JC Penney has slipped in the Fortune 500 ratings of America’s largest corporations, from number 74 in 2005, to 126 in 2008.
The Top Ten for 2008?
1. Wal-Mart Stores
2. Exxon Mobil
3. Chevron
4. General Motors
5. ConocoPhillips
6. General Electric
7. Ford Motor
8. Citigroup
9. Bank of America
10. AT&T
AT&T has been buoyed by merging with Cingular and others, and by the success of the Apple iPhone. The oil companies are doing very well, but all the others on this list are reeling from the end of the finance bubble, except for the only retailer: Wal-Mart. It’s our giant conduit between the US and China—jobs go out, Chinese landfill fodder comes in. What do we fill those ships with for their return voyages? Oh yes, dollars and T-bills.

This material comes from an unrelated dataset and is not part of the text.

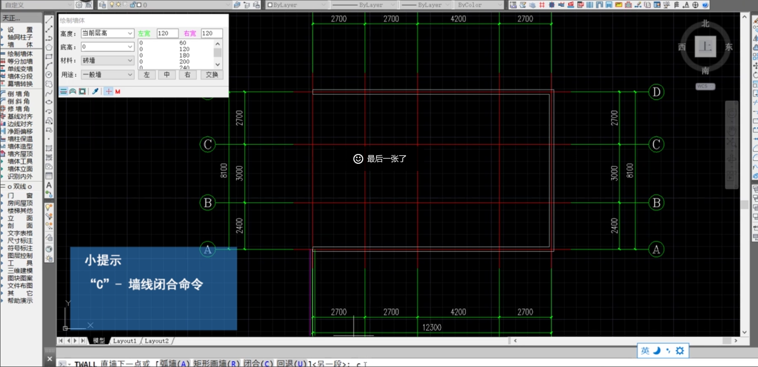 5、完成墙线绘制后我们可以在命令栏输入闭合快捷键“C”,按下“空格键”确定,墙线就会自动连接起点完成墙线绘制。

Developed nations circling the drain
In a related note, io9 summarizes a news item in the journal Foreign Policy:
Remember back when you knew you were in the so-called developed world because the economy was doing better than the so-called developing world? Well times are changing. Today the International Monetary Fund announced that, for the first time since World War II, the world’s developed economies would be shrinking by 0.3 percent in 2009 and America will decline by 0.7 per cent. American unemployment is at a 25-year high. When the globe emerges from this economic shakedown, membership in the “developed” club may have changed dramatically. [via Foreign Policy]
A few more cheery predictions:
Japan’s estimate [of growth, by the International Monetary Fund] was trimmed to 0.5% growth this year and a 0.2% contraction next, compared with the previous estimate for growth of 0.7% in 2008 and 0.5% in 2009.
Forecasts for emerging and developing economies were adjusted even more sharply, with the 2008 growth estimate falling to 6.6% from 6.9% and the 2009 forecast dropping to 5.1% from 6.1%.
“Among the most affected are commodity exporters, given that commodity price projections have been marked down sharply, and countries with acute external financing and liquidity problems,” the report said, while noting that China and other countries in East Asia are generally in better financial and economic shape.
China’s 2008 forecast was left unchanged at growth of 9.7%, while the 2009 estimate was cut to 8.5% from 9.3%. [Wall Street Journal blog, Nov. 6, 2008]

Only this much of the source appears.